### [What the task requires]
Write back every entry exactly as it reads, with the pictures left behind.

○ ○ ○ ○

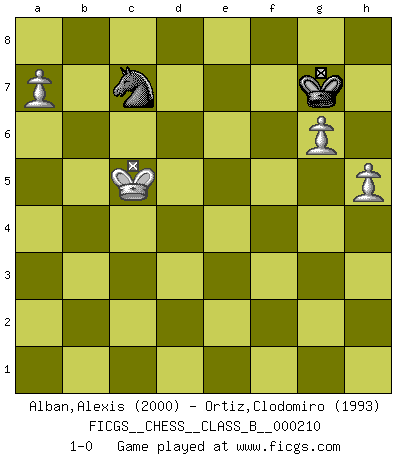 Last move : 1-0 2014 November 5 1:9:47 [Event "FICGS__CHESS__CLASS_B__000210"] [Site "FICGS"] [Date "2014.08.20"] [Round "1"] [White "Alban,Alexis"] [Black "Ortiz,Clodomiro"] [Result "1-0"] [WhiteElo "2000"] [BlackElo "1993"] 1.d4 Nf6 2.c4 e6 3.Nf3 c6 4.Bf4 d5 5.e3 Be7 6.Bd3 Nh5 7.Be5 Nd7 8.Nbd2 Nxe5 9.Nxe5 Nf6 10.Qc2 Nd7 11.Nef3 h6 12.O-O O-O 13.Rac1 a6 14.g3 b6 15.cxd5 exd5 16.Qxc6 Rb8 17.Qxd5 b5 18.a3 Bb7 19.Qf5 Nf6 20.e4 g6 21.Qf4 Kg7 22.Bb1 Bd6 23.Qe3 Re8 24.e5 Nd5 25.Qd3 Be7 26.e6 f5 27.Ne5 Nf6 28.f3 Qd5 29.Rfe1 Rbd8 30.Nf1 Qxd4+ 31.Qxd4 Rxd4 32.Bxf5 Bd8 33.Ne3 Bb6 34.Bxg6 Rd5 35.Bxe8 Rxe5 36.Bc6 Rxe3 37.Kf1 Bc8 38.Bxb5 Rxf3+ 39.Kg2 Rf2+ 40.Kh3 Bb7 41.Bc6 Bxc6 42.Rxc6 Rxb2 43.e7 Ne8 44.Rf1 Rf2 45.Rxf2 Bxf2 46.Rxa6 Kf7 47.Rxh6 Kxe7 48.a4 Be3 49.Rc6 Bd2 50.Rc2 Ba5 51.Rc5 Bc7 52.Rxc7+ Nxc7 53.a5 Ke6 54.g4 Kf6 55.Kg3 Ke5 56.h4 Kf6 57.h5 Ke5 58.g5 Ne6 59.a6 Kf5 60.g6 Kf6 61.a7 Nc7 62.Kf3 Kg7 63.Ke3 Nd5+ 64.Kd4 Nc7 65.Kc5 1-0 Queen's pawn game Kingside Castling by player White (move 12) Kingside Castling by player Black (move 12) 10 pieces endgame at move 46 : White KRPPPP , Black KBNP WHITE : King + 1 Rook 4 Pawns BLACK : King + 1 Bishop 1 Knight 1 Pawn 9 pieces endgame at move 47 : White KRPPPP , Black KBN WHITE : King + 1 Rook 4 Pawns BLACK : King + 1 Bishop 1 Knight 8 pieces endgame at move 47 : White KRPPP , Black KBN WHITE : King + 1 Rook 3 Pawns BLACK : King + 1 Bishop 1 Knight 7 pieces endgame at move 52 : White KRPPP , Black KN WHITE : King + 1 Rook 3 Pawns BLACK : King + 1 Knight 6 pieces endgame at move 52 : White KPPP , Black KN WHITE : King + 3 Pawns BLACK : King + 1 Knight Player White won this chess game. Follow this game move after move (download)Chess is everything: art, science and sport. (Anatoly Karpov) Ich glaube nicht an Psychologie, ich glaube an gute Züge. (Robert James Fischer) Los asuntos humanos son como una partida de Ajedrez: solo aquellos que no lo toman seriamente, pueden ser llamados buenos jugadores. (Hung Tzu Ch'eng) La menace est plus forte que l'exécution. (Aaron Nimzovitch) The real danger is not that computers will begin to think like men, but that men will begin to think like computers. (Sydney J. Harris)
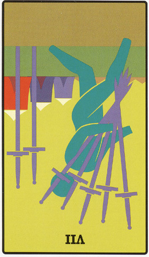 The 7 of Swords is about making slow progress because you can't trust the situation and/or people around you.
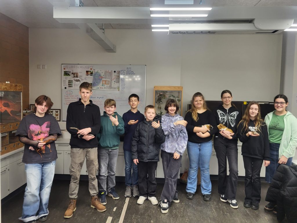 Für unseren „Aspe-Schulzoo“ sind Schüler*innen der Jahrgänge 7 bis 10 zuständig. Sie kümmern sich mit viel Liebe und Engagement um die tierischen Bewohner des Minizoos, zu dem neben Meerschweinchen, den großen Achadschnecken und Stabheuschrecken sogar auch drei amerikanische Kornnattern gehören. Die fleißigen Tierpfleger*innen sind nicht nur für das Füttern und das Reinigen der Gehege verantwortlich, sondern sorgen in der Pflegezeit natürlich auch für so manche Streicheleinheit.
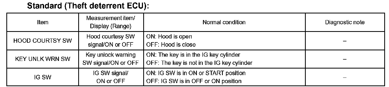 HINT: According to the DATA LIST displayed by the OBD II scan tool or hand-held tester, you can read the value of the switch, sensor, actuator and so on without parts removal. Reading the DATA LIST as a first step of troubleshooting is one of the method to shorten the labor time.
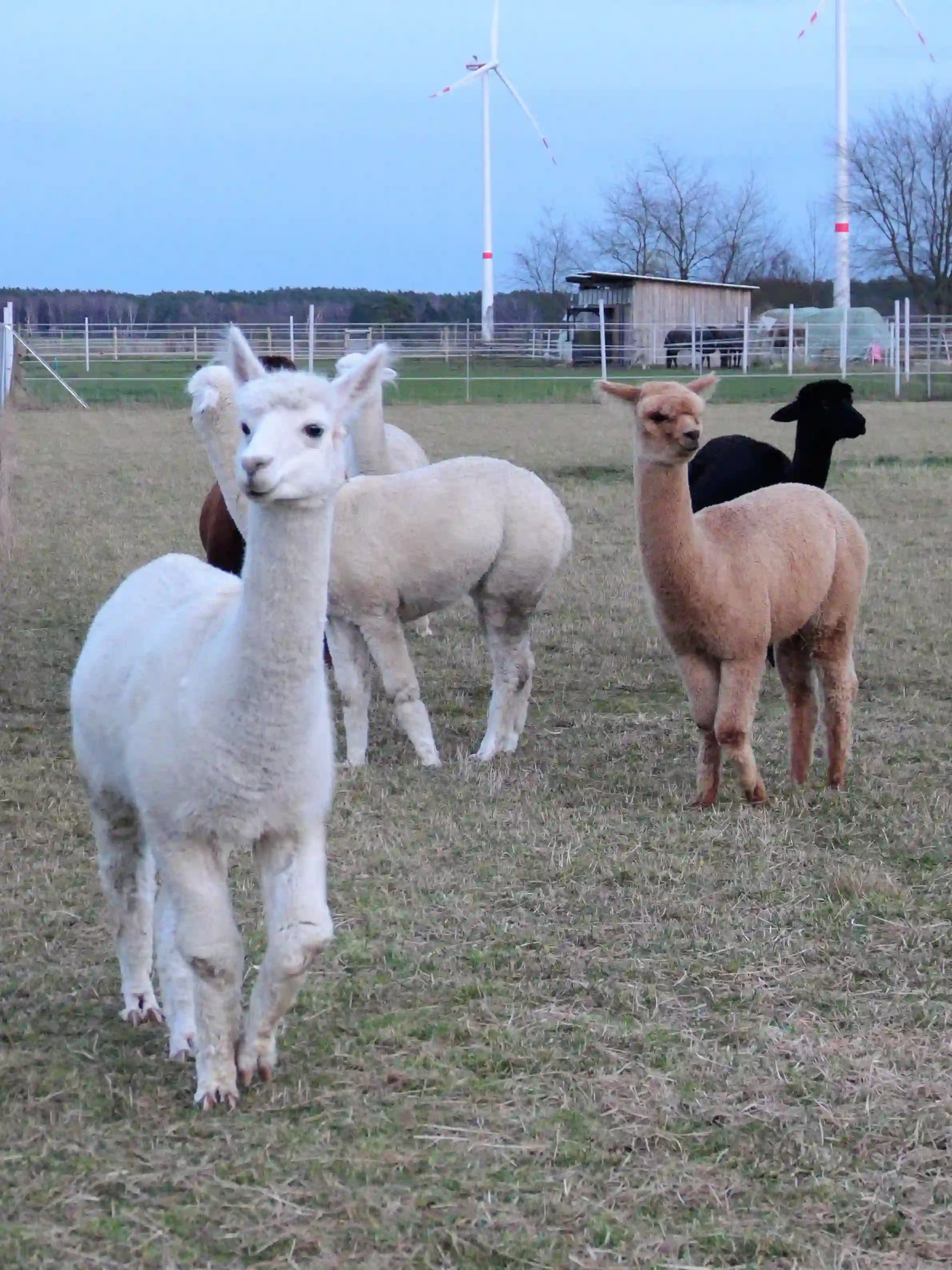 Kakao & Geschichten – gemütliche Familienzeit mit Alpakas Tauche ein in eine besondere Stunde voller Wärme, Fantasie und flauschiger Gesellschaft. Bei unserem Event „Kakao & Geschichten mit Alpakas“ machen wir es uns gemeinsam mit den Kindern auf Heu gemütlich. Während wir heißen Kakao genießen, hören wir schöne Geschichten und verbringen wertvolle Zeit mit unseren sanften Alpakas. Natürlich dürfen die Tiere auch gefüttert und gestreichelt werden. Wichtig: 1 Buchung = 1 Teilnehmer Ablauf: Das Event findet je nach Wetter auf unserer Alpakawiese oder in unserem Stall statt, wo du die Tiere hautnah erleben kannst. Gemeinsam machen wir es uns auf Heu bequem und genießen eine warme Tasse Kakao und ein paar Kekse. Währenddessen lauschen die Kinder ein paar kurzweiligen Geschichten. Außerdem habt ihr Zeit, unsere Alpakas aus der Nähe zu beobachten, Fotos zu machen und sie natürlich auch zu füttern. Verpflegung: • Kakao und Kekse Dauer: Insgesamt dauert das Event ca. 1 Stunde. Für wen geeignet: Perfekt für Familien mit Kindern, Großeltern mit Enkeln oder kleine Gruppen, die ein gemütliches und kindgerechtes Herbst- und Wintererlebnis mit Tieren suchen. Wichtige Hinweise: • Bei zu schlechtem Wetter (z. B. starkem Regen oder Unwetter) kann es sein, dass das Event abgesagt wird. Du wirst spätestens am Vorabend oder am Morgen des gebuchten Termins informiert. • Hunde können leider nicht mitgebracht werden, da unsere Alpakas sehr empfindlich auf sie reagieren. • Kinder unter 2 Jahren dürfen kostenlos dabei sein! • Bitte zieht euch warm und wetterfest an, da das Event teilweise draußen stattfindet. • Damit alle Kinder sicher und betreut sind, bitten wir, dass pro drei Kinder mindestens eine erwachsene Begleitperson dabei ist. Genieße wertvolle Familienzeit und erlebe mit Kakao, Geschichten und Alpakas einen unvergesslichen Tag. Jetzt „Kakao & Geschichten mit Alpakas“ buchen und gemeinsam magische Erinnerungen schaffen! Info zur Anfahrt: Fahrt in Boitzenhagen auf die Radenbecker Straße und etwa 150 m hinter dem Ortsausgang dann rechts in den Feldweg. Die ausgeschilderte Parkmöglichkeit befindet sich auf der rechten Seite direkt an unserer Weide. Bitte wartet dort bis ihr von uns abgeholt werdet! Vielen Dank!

○ ○ ○ ○

### [Written reply]
 Last move : 1-0 2014 November 5 1:9:47 [Event "FICGS__CHESS__CLASS_B__000210"] [Site "FICGS"] [Date "2014.08.20"] [Round "1"] [White "Alban,Alexis"] [Black "Ortiz,Clodomiro"] [Result "1-0"] [WhiteElo "2000"] [BlackElo "1993"] 1.d4 Nf6 2.c4 e6 3.Nf3 c6 4.Bf4 d5 5.e3 Be7 6.Bd3 Nh5 7.Be5 Nd7 8.Nbd2 Nxe5 9.Nxe5 Nf6 10.Qc2 Nd7 11.Nef3 h6 12.O-O O-O 13.Rac1 a6 14.g3 b6 15.cxd5 exd5 16.Qxc6 Rb8 17.Qxd5 b5 18.a3 Bb7 19.Qf5 Nf6 20.e4 g6 21.Qf4 Kg7 22.Bb1 Bd6 23.Qe3 Re8 24.e5 Nd5 25.Qd3 Be7 26.e6 f5 27.Ne5 Nf6 28.f3 Qd5 29.Rfe1 Rbd8 30.Nf1 Qxd4+ 31.Qxd4 Rxd4 32.Bxf5 Bd8 33.Ne3 Bb6 34.Bxg6 Rd5 35.Bxe8 Rxe5 36.Bc6 Rxe3 37.Kf1 Bc8 38.Bxb5 Rxf3+ 39.Kg2 Rf2+ 40.Kh3 Bb7 41.Bc6 Bxc6 42.Rxc6 Rxb2 43.e7 Ne8 44.Rf1 Rf2 45.Rxf2 Bxf2 46.Rxa6 Kf7 47.Rxh6 Kxe7 48.a4 Be3 49.Rc6 Bd2 50.Rc2 Ba5 51.Rc5 Bc7 52.Rxc7+ Nxc7 53.a5 Ke6 54.g4 Kf6 55.Kg3 Ke5 56.h4 Kf6 57.h5 Ke5 58.g5 Ne6 59.a6 Kf5 60.g6 Kf6 61.a7 Nc7 62.Kf3 Kg7 63.Ke3 Nd5+ 64.Kd4 Nc7 65.Kc5 1-0 Queen's pawn game Kingside Castling by player White (move 12) Kingside Castling by player Black (move 12) 10 pieces endgame at move 46 : White KRPPPP , Black KBNP WHITE : King + 1 Rook 4 Pawns BLACK : King + 1 Bishop 1 Knight 1 Pawn 9 pieces endgame at move 47 : White KRPPPP , Black KBN WHITE : King + 1 Rook 4 Pawns BLACK : King + 1 Bishop 1 Knight 8 pieces endgame at move 47 : White KRPPP , Black KBN WHITE : King + 1 Rook 3 Pawns BLACK : King + 1 Bishop 1 Knight 7 pieces endgame at move 52 : White KRPPP , Black KN WHITE : King + 1 Rook 3 Pawns BLACK : King + 1 Knight 6 pieces endgame at move 52 : White KPPP , Black KN WHITE : King + 3 Pawns BLACK : King + 1 Knight Player White won this chess game. Follow this game move after move (download)Chess is everything: art, science and sport. (Anatoly Karpov) Ich glaube nicht an Psychologie, ich glaube an gute Züge. (Robert James Fischer) Los asuntos humanos son como una partida de Ajedrez: solo aquellos que no lo toman seriamente, pueden ser llamados buenos jugadores. (Hung Tzu Ch'eng) La menace est plus forte que l'exécution. (Aaron Nimzovitch) The real danger is not that computers will begin to think like men, but that men will begin to think like computers. (Sydney J. Harris)
 The 7 of Swords is about making slow progress because you can't trust the situation and/or people around you.
 Für unseren „Aspe-Schulzoo“ sind Schüler*innen der Jahrgänge 7 bis 10 zuständig. Sie kümmern sich mit viel Liebe und Engagement um die tierischen Bewohner des Minizoos, zu dem neben Meerschweinchen, den großen Achadschnecken und Stabheuschrecken sogar auch drei amerikanische Kornnattern gehören. Die fleißigen Tierpfleger*innen sind nicht nur für das Füttern und das Reinigen der Gehege verantwortlich, sondern sorgen in der Pflegezeit natürlich auch für so manche Streicheleinheit.
 HINT: According to the DATA LIST displayed by the OBD II scan tool or hand-held tester, you can read the value of the switch, sensor, actuator and so on without parts removal. Reading the DATA LIST as a first step of troubleshooting is one of the method to shorten the labor time.
 Kakao & Geschichten – gemütliche Familienzeit mit Alpakas Tauche ein in eine besondere Stunde voller Wärme, Fantasie und flauschiger Gesellschaft. Bei unserem Event „Kakao & Geschichten mit Alpakas“ machen wir es uns gemeinsam mit den Kindern auf Heu gemütlich. Während wir heißen Kakao genießen, hören wir schöne Geschichten und verbringen wertvolle Zeit mit unseren sanften Alpakas. Natürlich dürfen die Tiere auch gefüttert und gestreichelt werden. Wichtig: 1 Buchung = 1 Teilnehmer Ablauf: Das Event findet je nach Wetter auf unserer Alpakawiese oder in unserem Stall statt, wo du die Tiere hautnah erleben kannst. Gemeinsam machen wir es uns auf Heu bequem und genießen eine warme Tasse Kakao und ein paar Kekse. Währenddessen lauschen die Kinder ein paar kurzweiligen Geschichten. Außerdem habt ihr Zeit, unsere Alpakas aus der Nähe zu beobachten, Fotos zu machen und sie natürlich auch zu füttern. Verpflegung: • Kakao und Kekse Dauer: Insgesamt dauert das Event ca. 1 Stunde. Für wen geeignet: Perfekt für Familien mit Kindern, Großeltern mit Enkeln oder kleine Gruppen, die ein gemütliches und kindgerechtes Herbst- und Wintererlebnis mit Tieren suchen. Wichtige Hinweise: • Bei zu schlechtem Wetter (z. B. starkem Regen oder Unwetter) kann es sein, dass das Event abgesagt wird. Du wirst spätestens am Vorabend oder am Morgen des gebuchten Termins informiert. • Hunde können leider nicht mitgebracht werden, da unsere Alpakas sehr empfindlich auf sie reagieren. • Kinder unter 2 Jahren dürfen kostenlos dabei sein! • Bitte zieht euch warm und wetterfest an, da das Event teilweise draußen stattfindet. • Damit alle Kinder sicher und betreut sind, bitten wir, dass pro drei Kinder mindestens eine erwachsene Begleitperson dabei ist. Genieße wertvolle Familienzeit und erlebe mit Kakao, Geschichten und Alpakas einen unvergesslichen Tag. Jetzt „Kakao & Geschichten mit Alpakas“ buchen und gemeinsam magische Erinnerungen schaffen! Info zur Anfahrt: Fahrt in Boitzenhagen auf die Radenbecker Straße und etwa 150 m hinter dem Ortsausgang dann rechts in den Feldweg. Die ausgeschilderte Parkmöglichkeit befindet sich auf der rechten Seite direkt an unserer Weide. Bitte wartet dort bis ihr von uns abgeholt werdet! Vielen Dank!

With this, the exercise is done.